There is therefore a historical rivalry between the Sorbonne Law School (part of the Paris 1 Panthéon-Sorbonne University) and the Assas Law School (part of the Paris-Panthéon-Assas University). This is made further relevant today due to disparity in political opinion between the two universities. Assas is regarded as the bastion of the far-right within Parisian academic institutions, with far-right extremist organisations such as the Groupe Union Défense and other protests being based there. Additionally, Assas counts members of the Le Pen family which has led the far-right National Rally party in its alumni (Jean-Marie le Pen, Marine Le Pen, Marion Maréchal).

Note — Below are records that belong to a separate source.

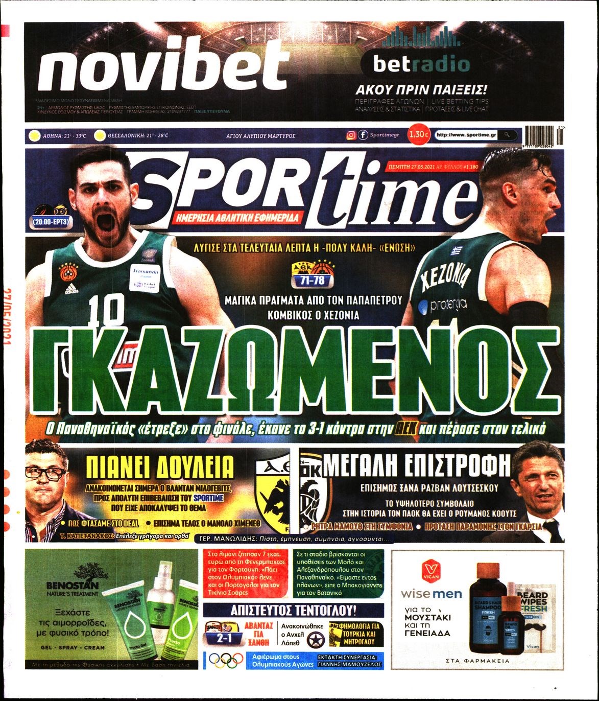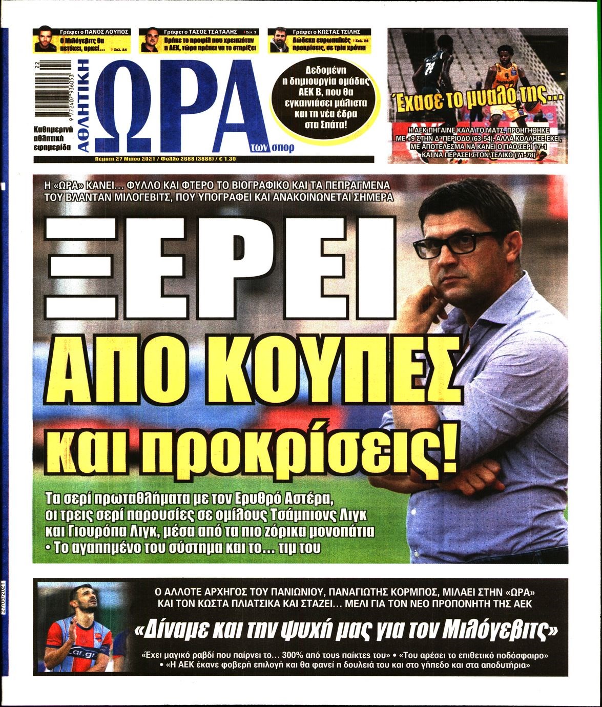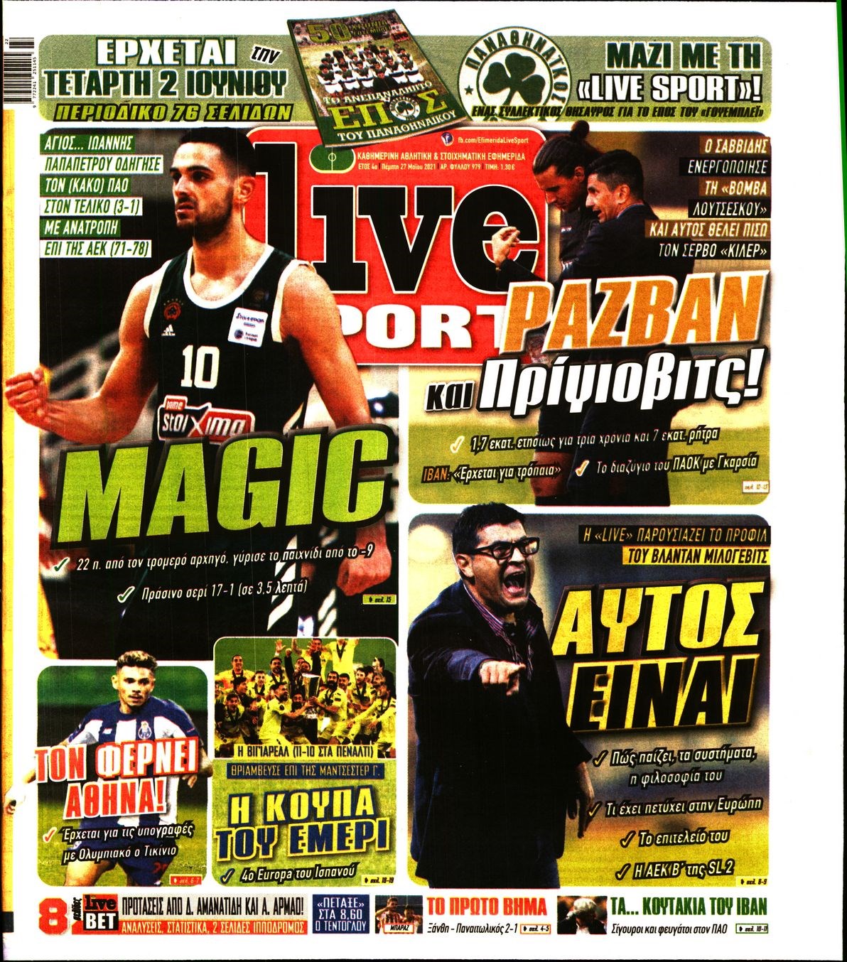 Οι αθλητικές εφημερίδες 27/5/2021 Διονύσης Νίκκας 06:50, Πέμπτη 27 Μαΐου 2021 Media Διαβάστε τα πρωτοσέλιδα των αθλητικών εφημερίδων… ΑΘΛΗΤΙΚΕΣ ΕΦΗΜΕΡΙΔΕΣ Μοιράσου το: σχολίασε κι εσύ (0 σχόλια) Ακολουθήστε το enikos.gr στο Google News και μάθετε πρώτοι όλες τις ειδήσεις Δείτε όλες τις τελευταίες ειδήσεις από την Ελλάδα και τον Κόσμο στο enikos.gr Ειδήσεις Ροή Ειδήσεων 4 ώρες πριν Από το Ορμένιο ως τα Μάλγαρα κι από τη Σιάτιστα μέχρι τη Νίκαια: Μπλόκα σε όλη την Ελλάδα – Το Σάββατο ανοίγουν τα διόδια οι αγρότες 1 ώρα πριν Εμπλοκή και αερομαχίες με οπλισμένα τουρκικά F-16 στο Αιγαίο 3 ώρες πριν Αττική: Θρίλερ με νεκρό βρέφος 5 μηνών – Κοιμόταν στο ίδιο κρεβάτι με τους γονείς του 59 λεπτά πριν Πούτιν: «Ναι, είμαι ερωτευμένος» – Βίντεο από τη σπάνια προσωπική παραδοχή του 3 ώρες πριν Μεσόγειος: Η διαδρομή του ρωσικού τάνκερ «Qendil» και η στοχευμένη επίθεση της Ουκρανίας με drone – Ο Πούτιν προειδοποίησε για αντίποινα 5 ώρες πριν Τα 5 ζώδια που ευνοούνται στην ερωτική ζωή τους την επόμενη εβδομάδα – «Η ενέργεια του Αιγόκερου φέρνει αγάπη και σταθερότητα» 6 ώρες πριν Αυτό το έξυπνο μαθηματικό κόλπο θα μπορούσε να αλλάξει τον τρόπο με τον οποίο οι επιστήμονες μελετούν τους σεισμούς 2 ώρες πριν Μήπως έχετε χάσει τον εαυτό σας στη σχέση σας; 7 «αθόρυβες» υποχωρήσεις που μάλλον κάνατε, χωρίς να το συνειδητοποιήσετε 4 ώρες πριν Κουίζ για την παλιά Αθήνα: Αναγνωρίζετε την περιοχή; Έχετε περάσει 100% από εκεί 6 λεπτά πριν Μπαράκ Ομπάμα: Τα βιβλία, οι ταινίες και τα τραγούδια που ξεχώρισε το 2025 – Πλήρης λίστα 11 λεπτά πριν Don’t Forget The Lyrics: Η Έλλη Κοκκίνου υποδέχεται 4 παίκτες που θα κάνουν τα πάντα για να μη χάσουν ούτε… μισή λέξη από τους στίχους 17 λεπτά πριν Πλεύρης στον ΑΝΤ1: Η βασική πολιτική που ψηφίστηκε από τους υπουργούς Μετανάστευσης είναι η δημιουργία κέντρων κράτησης μεταναστών στην Αφρική – ΒΙΝΤΕΟ 22 λεπτά πριν Η εξομολόγηση της Νίκης Σερέτη: «Δεν κρύβω ότι ήταν πάρα πολύ δύσκολο όλο αυτό που βίωσα» 27 λεπτά πριν Αγρότες: Κλειστό ξανά το ρεύμα εισόδου στα Μάλγαρα – Άνοιξαν τον κόμβο της Χαλκηδόνας ENIKOS NETWORK Έχετε πραγματικά μεγάλη καρδιά; 10 χαρακτηριστικά όσων έχουν καλοσύνη «Η σούπερ» γρίπη εξαπλώνεται στην Ευρώπη-Στοιχεία από το ECDC για την αποτελεσματικότητα του εμβολίου Επίδομα παιδιού: Πότε ανοίγει ξανά η πλατφόρμα για τις αιτήσεις Προκήρυξη ΑΣΕΠ για 397 μόνιμες προσλήψεις στο Δημόσιο: Βγήκαν τα προσωρινά αποτελέσματα – Πότε αρχίζει η υποβολή ενστάσεων Χαρτογραφώντας το «σημείο χωρίς επιστροφή»: Για πρώτη φορά αποκαλύπτεται με λεπτομέρεια το ακανθώδες όριο της ατμόσφαιρας τ... Η Google καταργεί τη λειτουργία «dark web report» – Πώς θα μπορούν οι χρήστες να διαγράφουν τα δεδομένα τους περισσότερα 20:37 , Παρασκευή 19 Δεκεμβρίου 2025 Don’t Forget The Lyrics: Η Έλλη Κοκκίνου υποδέχεται 4 παίκτες που θα κάνουν τα πάντα για να μη χάσουν ούτε… μισή λέξη από τους στίχους Το «Don’t Forget The Lyrics» επιστρέφει απόψε, Παρασκευή 19 Δεκεμβρίου, στις 21:00 με νέο επει... 19:31 , Παρασκευή 19 Δεκεμβρίου 2025 GNTM: Απόψε ο μεγάλος τελικός για τους 4 φιναλίστ Έπειτα από μήνες γεμάτους μόδα, δημιουργία και έντονες αναμετρήσεις, το GNTM 2025 κορυφώνεται,... 18:11 , Παρασκευή 19 Δεκεμβρίου 2025 Το σόι σου: Ο Άρης έρχεται στην Ελλάδα για τις γιορτές των Χριστουγέννων – Τι θα δούμε στο αποψινό εορταστικό επεισόδιο Ένα απολαυστικό, εορταστικό επεισόδιο της σειράς “Το σόι σου”, γεμάτο ευτράπελα αλ... 15:15 , Παρασκευή 19 Δεκεμβρίου 2025 Την Κυριακή με τη Realnews: Ό,τ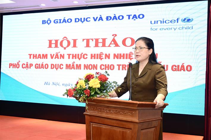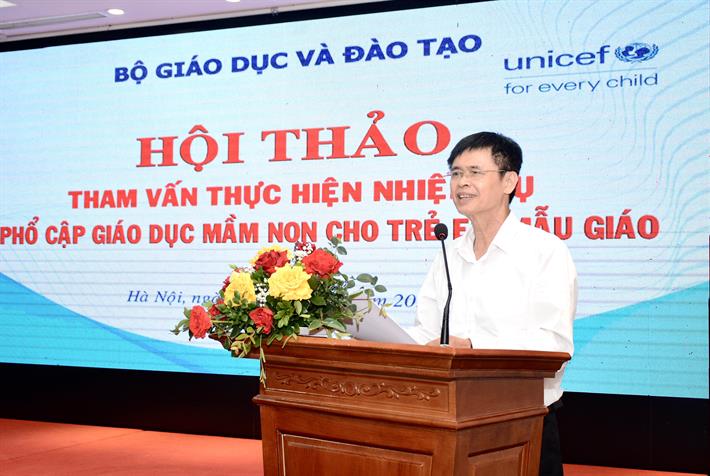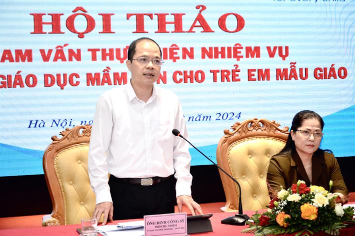 Thứ trưởng nhấn mạnh, trong thời gian gần đây, nhiệm vụ phổ cập giáo giáo dục mầm non cho trẻ 3 đến 5 tuổi được đề cập, nêu rõ, quán triệt ở Nghị quyết số 42 của Ban Chấp hành Trung ương Đảng, Nghị quyết số 68 của Chính phủ và gần nhất là Kết luận số 91 của Bộ Chính trị. Điều đó khẳng định Đảng, Nhà nước, Chính phủ rất quan tâm đến việc thực hiện nhiệm vụ này.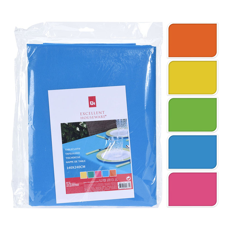Este mantel está fabricado en tejido no tejido. Se sirve en colores surtidos: azul, verde, fucsia, naranja y amarillo.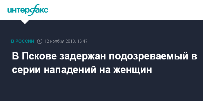 Псков. 12 ноября. INTERFAX.RU - В Пскове задержан подозреваемый в совершении серии изнасилований и убийств женщин в сентябре-октябре текущего года.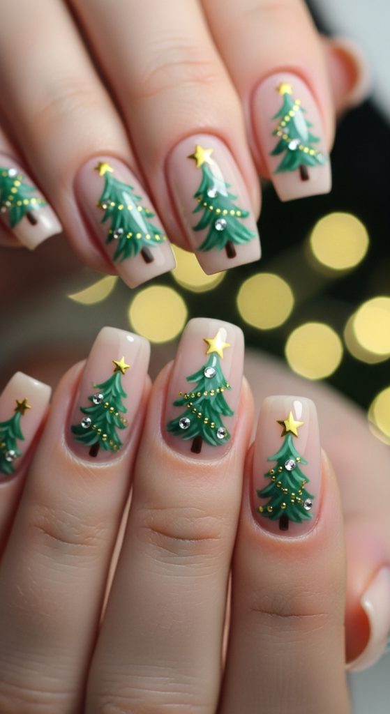 Green and gold nails inspired by Christmas trees bring the beauty of festive greenery right to your fingertips. Begin with a nude or light beige polish as your base to make the green pop. Once dry, use green nail polish or gel to paint small Christmas tree shapes on one or two accent nails. You can use a fine brush or nail stencil for precision. Add gold dots or tiny rhinestones as ornaments to decorate your miniature trees. For the finishing touch, place a small gold star sticker or a drop of gold polish at the top of each tree. Seal your design with a topcoat to ensure durability and shine. The combination of green and gold evokes the beauty of a decorated Christmas tree, making this a stylish and creative choice for the holidays.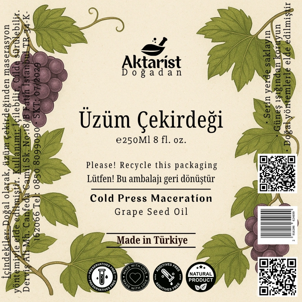 Aktarist Üzüm Çekirdeği Yağı 250Ml

Conversely, the Sorbonne Law School (and Paris I) retains a more left-wing reputation, with students commenting in favour of left-wing candidates in the press.

== Departments ==
The École de droit de la Sorbonne has four departments, all of which aim to train students in the law:

- the Bachelor's Department
- Master of Public Law Department
- Master of Private Law Department
- Master of International, European and Comparative Law Department

== Campuses ==
EDS courses are taught at a number of campuses, known as 'centres':

- the Panthéon centre, a historic building that welcomes Masters students and houses the management offices
- the Sorbonne centre, which hosts conferences for EDS students and 3rd year AES undergraduates
- the Lourcine centre, for 2nd and 3rd year undergraduate students in particular
- the Cassin centre, for 1st and 2nd year undergraduate students
- the Pierre-Mendès-France centre, for 1st and 2nd year AES degree students

== Research ==
Research is carried out by the Sorbonne's École doctorale de droit, the Sorbonne's Institut de recherche juridique, the Sorbonne's Institut de recherche en droit international et européen and the Sorbonne's Institut des sciences juridiques et philosophique.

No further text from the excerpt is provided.